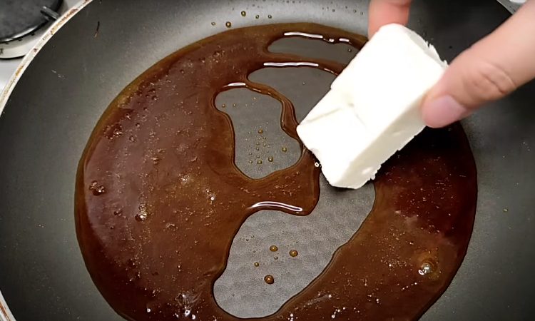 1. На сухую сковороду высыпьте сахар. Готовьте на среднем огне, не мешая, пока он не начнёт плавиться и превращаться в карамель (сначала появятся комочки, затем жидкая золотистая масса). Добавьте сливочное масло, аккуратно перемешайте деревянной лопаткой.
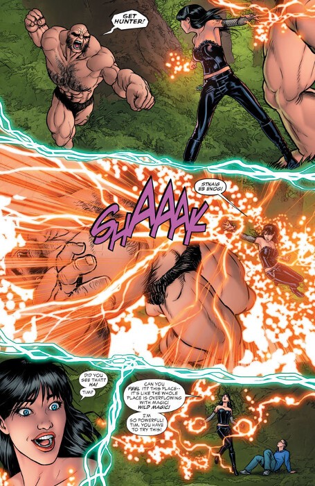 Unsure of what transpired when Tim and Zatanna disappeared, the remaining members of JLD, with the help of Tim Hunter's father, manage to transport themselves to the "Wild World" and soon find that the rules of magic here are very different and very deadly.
==
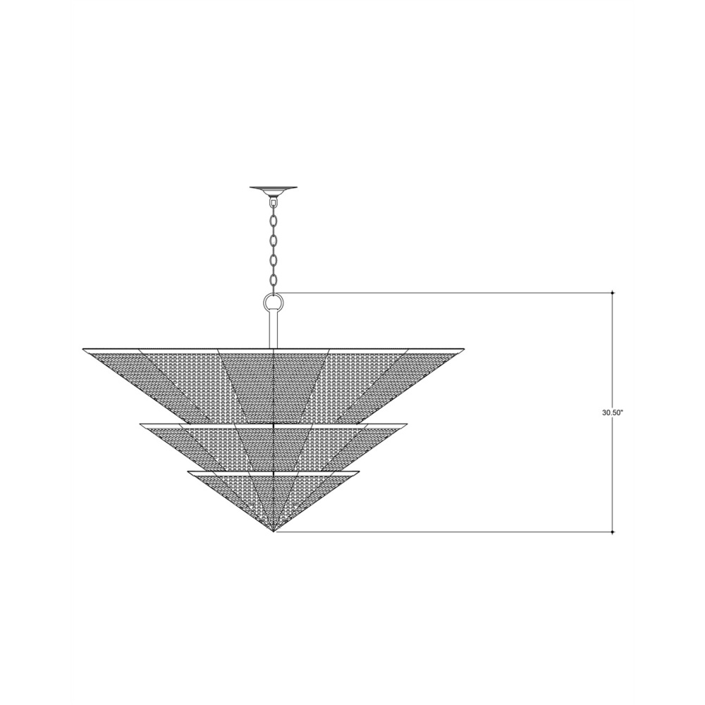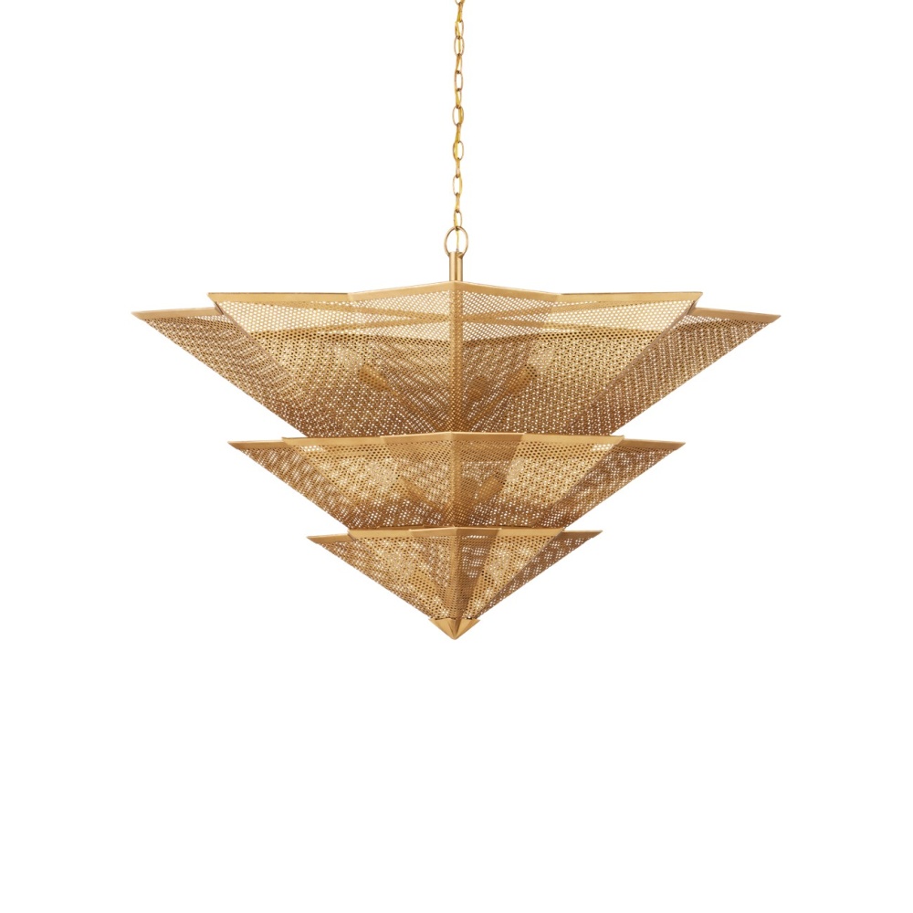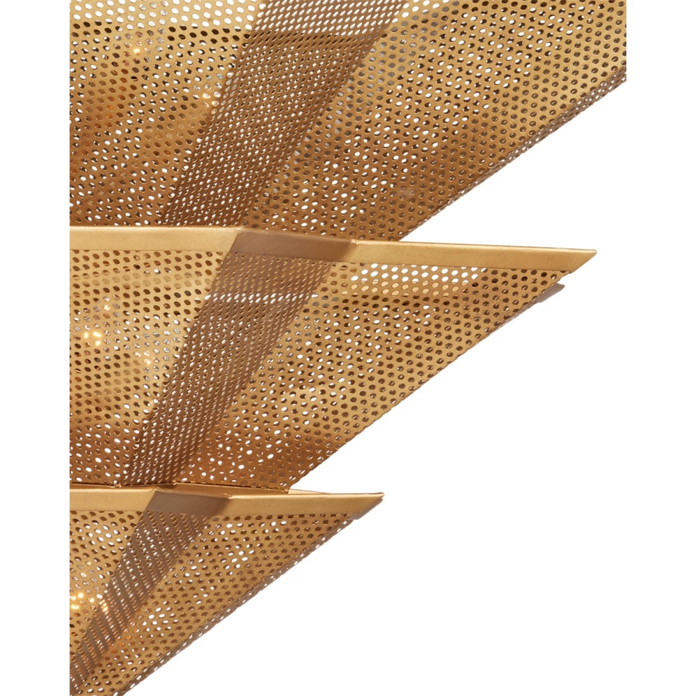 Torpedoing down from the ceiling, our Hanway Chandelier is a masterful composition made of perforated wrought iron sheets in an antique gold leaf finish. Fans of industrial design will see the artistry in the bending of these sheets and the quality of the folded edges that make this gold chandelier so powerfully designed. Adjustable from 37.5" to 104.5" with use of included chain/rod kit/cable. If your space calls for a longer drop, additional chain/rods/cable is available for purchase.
---
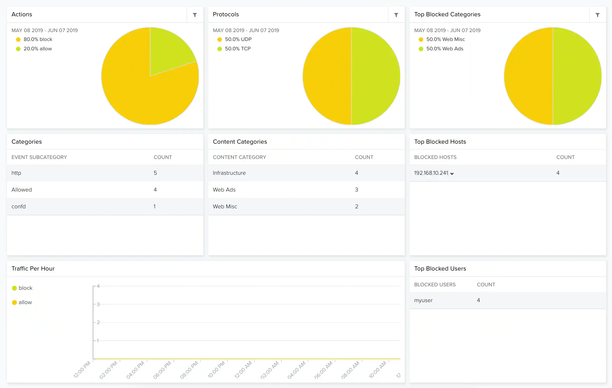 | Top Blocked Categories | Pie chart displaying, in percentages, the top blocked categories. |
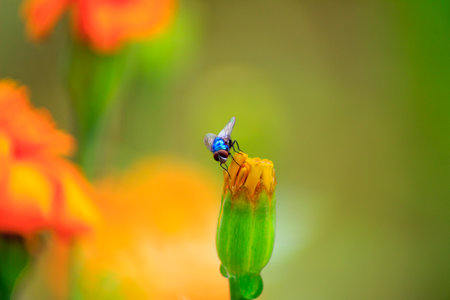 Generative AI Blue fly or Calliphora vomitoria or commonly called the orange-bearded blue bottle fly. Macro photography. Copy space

◆ REQUIREMENT: Reproduce word for word, with pictures dropped, only the part of the material above that opens with the line containing "1. На сухую" and closes with the line containing "Unsure of what".

◆ ANSWER SPACE:
 1. На сухую сковороду высыпьте сахар. Готовьте на среднем огне, не мешая, пока он не начнёт плавиться и превращаться в карамель (сначала появятся комочки, затем жидкая золотистая масса). Добавьте сливочное масло, аккуратно перемешайте деревянной лопаткой.
 Unsure of what transpired when Tim and Zatanna disappeared, the remaining members of JLD, with the help of Tim Hunter's father, manage to transport themselves to the "Wild World" and soon find that the rules of magic here are very different and very deadly.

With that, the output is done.